本文在分析超疏水涂层制备技术发展现状的基础上,针对目前超疏水涂层制备过程中存在的问题,从理论分析和实验研究两方面着手,报道了三种简单、方便的超疏水涂层的制备技术,成功地在镁、铝两种轻合金基体上获得了超疏水涂层,用FE-SEM、CA、XPS、Polarization Curve等手段对涂层的性能进行了表征。本文主要工作如下:
1.采用化学刻蚀与表面修饰相结合的方法在镁合金表面制备了超疏水涂层。结果表明,在镁合金表面形成了微/纳粗糙多孔结构;水滴与涂层上的接触角达到157.3±0.5°,滚动角小于10°;电化学测试结果表明,含有超疏水涂层试样的腐蚀电位正移,并且自腐蚀电流密度与未处理试样相比降低了3个数量级,说明超疏水涂层体系的存在能提高镁合金的耐腐蚀性能。讨论了不同刻蚀时间、不同刻蚀液浓度对表面接触角的影响,分析了镁合金表面疏水性的形成原因并确定了较优的工艺参数。
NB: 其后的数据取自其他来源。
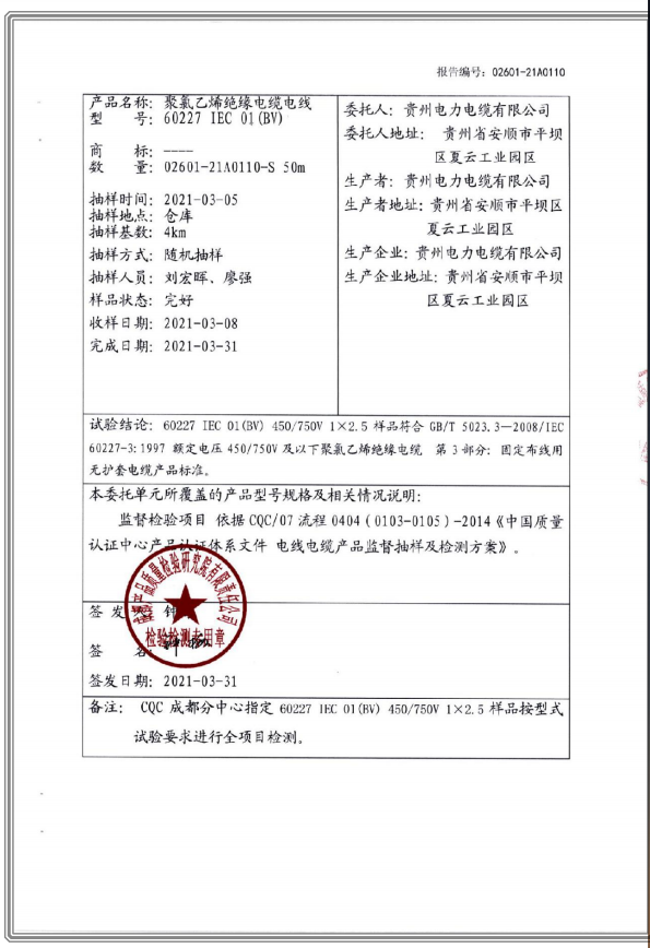 聚氯乙烯乙烯絕緣電纜電線 國(guó)家強(qiáng)制性產(chǎn)品試驗(yàn)認(rèn)證報(bào)告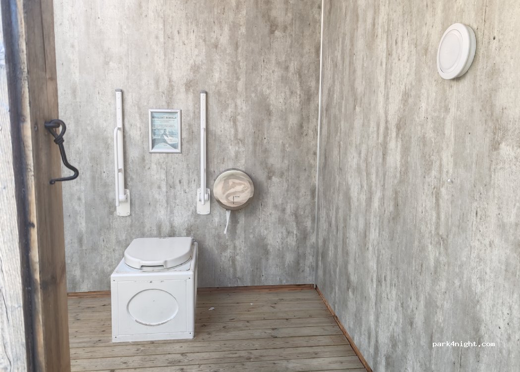 Nice view, quiet, spacious dry toilet (broken “lock” inside, be careful :)) no water. Plenty of people fishing here.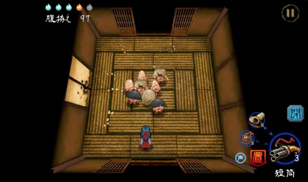 于是,他便想是否能在玩法上做出一些创新,让那些同样不擅长复杂操作的玩家也能乐在其中,这才有了《深 四目朝生 - 阴阳之巫女 -》中独特的环境和物品交互系统。在游戏中,玩家可以通过仔细地实现侦查,判断周围房间中的敌人分布情况。侦查的目标包括但不限于,具有明确方位性的声音提示、房间地板上可见的脚印或残留物,以及拉门的开合情况。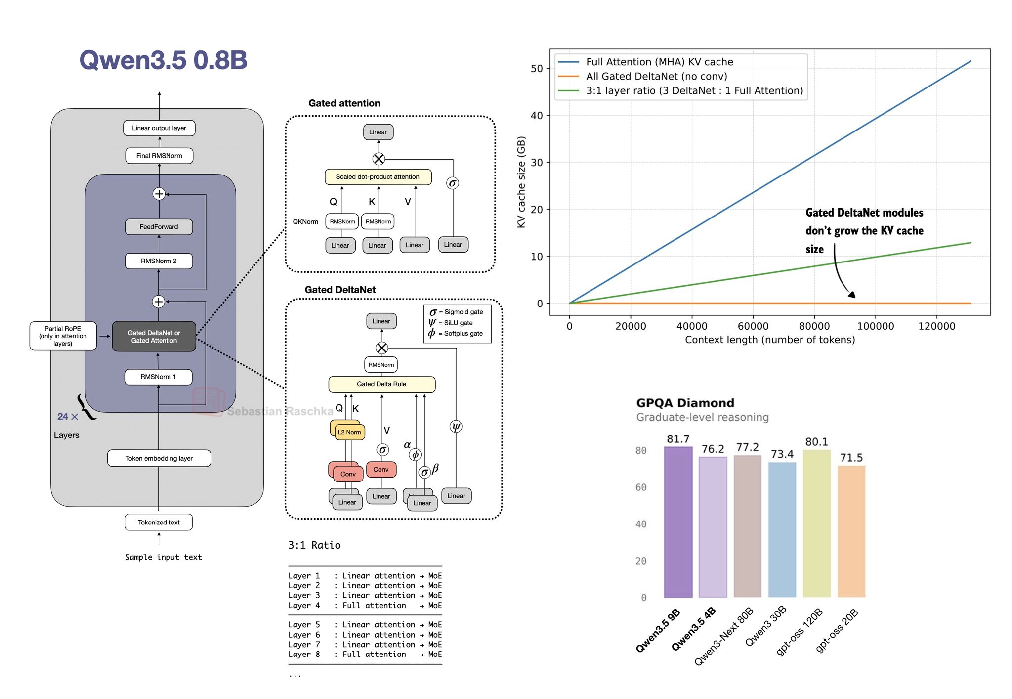 I coded up a Qwen3.5 from-scratch reimplementation for educational purposes. The full suite of smaller Qwen3.5 open-weight LLMs (0.8B, 2B, 4B, 9B) was released earlier this week, and it's probably the…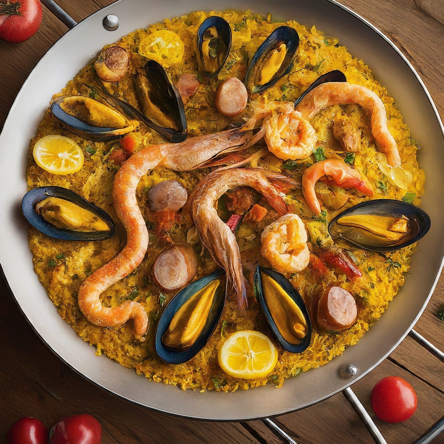Un festín de mariscos y carnes sobre arroz con auténtico sabor mediterráneo.
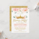 parties scintillant de princesse rose fleurie et dorée sur le thème de l'anniversaire pour une petite fille. Ce dessin présente un titre de calligraphie en faux or et des points couronne et rose ainsi que des arrangements floraux d'aquarelle rose. Une invitation sucrée à une fête d'anniversaire sur le thème de la princesse.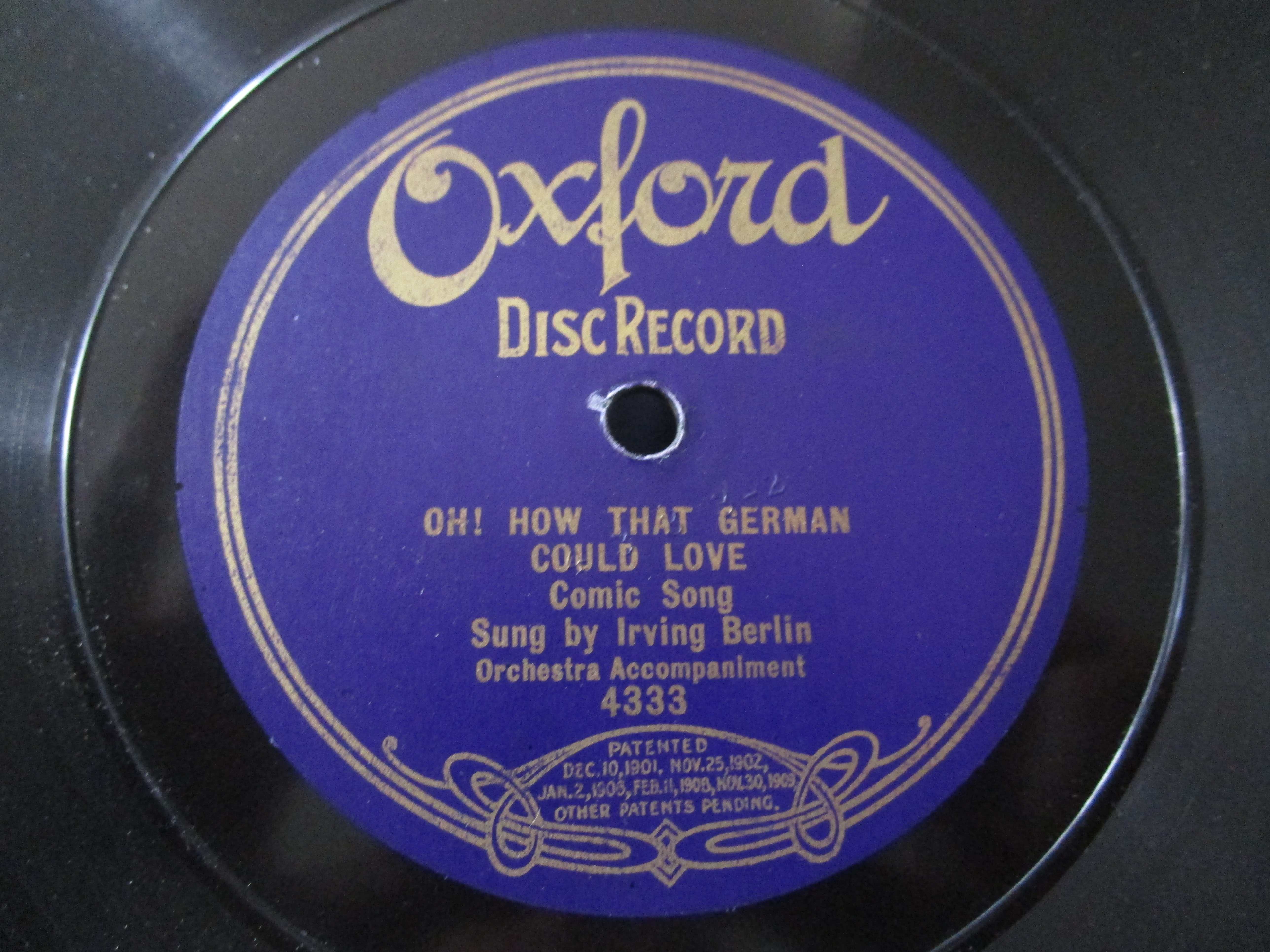 1. Oxford 4333 - Oh How That German Could Love - Sung by Irving Berlin (rare) E+ 50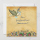 Elegantes antikes mittelalterliches Pergament, lustig Vintages Blumendesign mit einem Baby und fliegendem Storch inmitten der schönen Rosa, Gold, rote Rosen, Frühlingsblumen und grünen Blätter von Bulgan Lumini (c).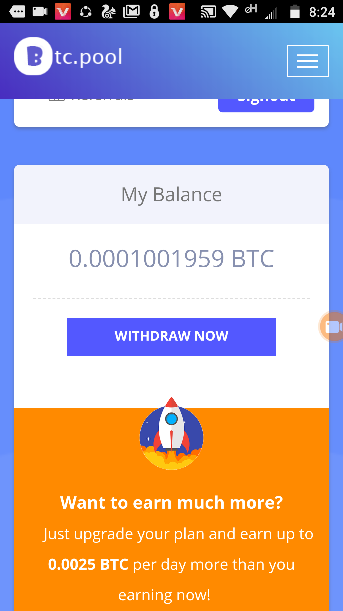 This great earn bitcoin mining site and every day earn 30000satosh without investment.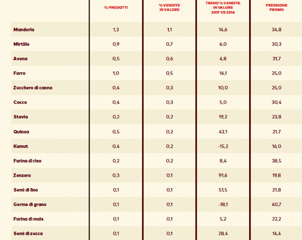 Ma anche avena, farro e quinoa, semi di lino e mirtilli, stevia e farina di riso sono molto gettonati per il loro profilo salutistico e talmente apprezzati dagli italiani da spingere a comprarli anche quando sono usati come ingredienti.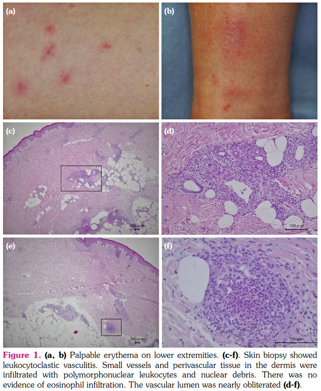 A 56-year-old Japanese woman with limited cutaneous systemic sclerosis developed a dry cough three years after the diagnosis and was referred to our hospital for further assessment. Skin thickening of her fingers and forearms was observed, but neither erythema nor purpura was present. Serum C-reactive protein (CRP) was 0.1 mg/dL, and anti-nuclear antibody was positive (1:1,280 with nucleolar and discrete speckled pattern); anti-centromere, anti-Scl-70, anti-RNA polymerase III, and myeloperoxidase- and proteinase 3-antineutrophil cytoplasmic antibodies were negative. Computed tomography revealed a mild interstitial pneumonia. She received oral cyclophosphamide 50 mg per day for the treatment of skin and pulmonary involvement, as she refused intravenous cyclophosphamide therapy. Since oral cyclophosphamide for one year had no effect on the pulmonary involvement, it was discontinued, and the patient was switched to daily oral AZA 50 mg the next day. Ten days after the administration of AZA, she developed palpable and painful erythema on both extremities (Figure 1a, b). Serum CRP level was elevated to 13.8 mg/dL, while complete blood count, serum transaminase, and creatinine levels remained unchanged. Skin biopsy was performed, and AZA was discontinued. The biopsy revealed leukocytoclastic vasculitis in the dermis, consistent with CSVV (Figure 1c-f). One week after cessation of AZA, her erythema almost completely resolved, and serum CRP level decreased to 0.83 mg/dL. Due to the immediate improvement after cessation of AZA, she was diagnosed with CSVV associated with AZA, and oral cyclosporine was administrated. She had no recurrence of erythema and developed no signs of systemic vasculitis for five years. Subsequent genotyping of nucleoside diphosphate-linked moiety X-type motif 15 (NUDT15) codon 139 showed an Arg/Arg genotype.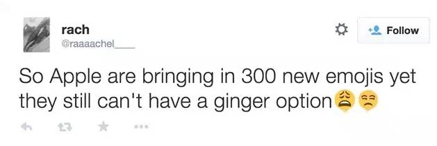 接下来又有人开始抱怨,为什么只有黑发、金发和棕发,而没有最独特的红发 (ginger)?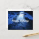 Happy Holidays postcard with blue snowy river at evening dusk in beautiful winter setting.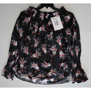 Adan Lippes Women's Sz M Black Floral Print Off-the-Shoulder Poplin Top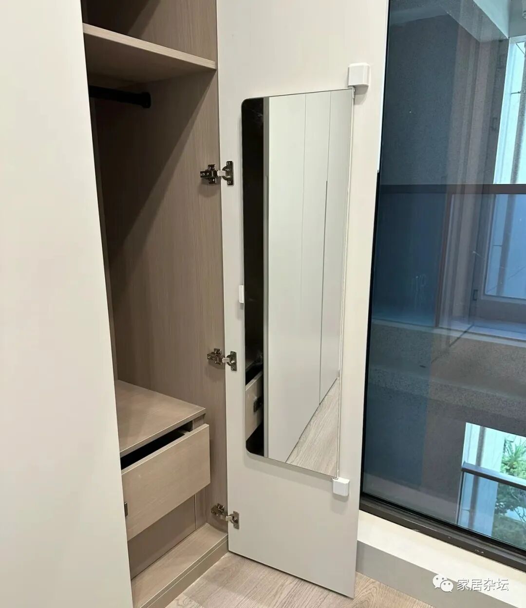 ②、如果镜子放在卧室,建议大家尽量设置成隐藏式的试衣镜镜。这种试衣镜做法还是很多的,例如可以安装在衣柜里,做成旋转隐藏式试衣镜。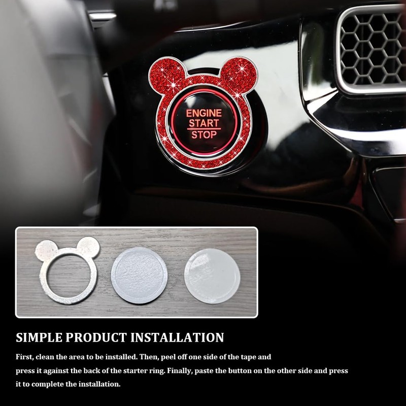 - [Decorative function] : This car engine start button cover has the function of beautifying the interior of the car, the design of two small ears, lovely and shiny, makes the start button look new, and also can highlight the owner's personality and taste, so that your car stands out in many vehicles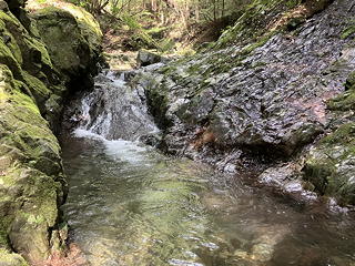ということなので、ここで遡行を終了することにしました。ここまでの所要時間は、入渓点から途中の木橋までが50分、そこからこの滝の上までがちょうど1時間です。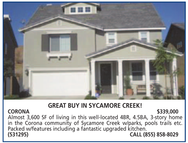 GREAT BUY IN SYCAMORE CREEK! CORONA $339,000 Almost 3,600 SF of living in this well-located 4BR, 4.5BA, 3-story home in the Corona community of Sycamore Creek w/parks, pools trails etc. Packed w/features including a fantastic upgraded kitchen. (531295) CALL (855) 858-8029

2.采用化学刻蚀与表面修饰相结合的方法在铝合金表面制备了超疏水涂层。发现在铝合金表面上形成了由长方形的凸台和凹坑构成的深浅相间的微纳米结构,这些微纳米结构相互连通形成凹凸不平的“迷宫”结构;水滴在涂层上的接触角达到161.2±1.7°,滚动角小于8°;电化学测试结果表明,含有超疏水涂层试样的腐蚀电位正移,并且自腐蚀电流密度与未处理试样相比降低了4个数量级,说明超疏水涂层体系的存在能提高铝合金的耐腐蚀性能。采用L9(34)正交试验表设计考查了氢氟酸浓度、氢氟酸刻蚀时间、盐酸浓度、盐酸刻蚀时间等工艺参数对铝合金疏水性能的影响,分析了铝合金表面疏水性的形成原因并确定较优的工艺参数。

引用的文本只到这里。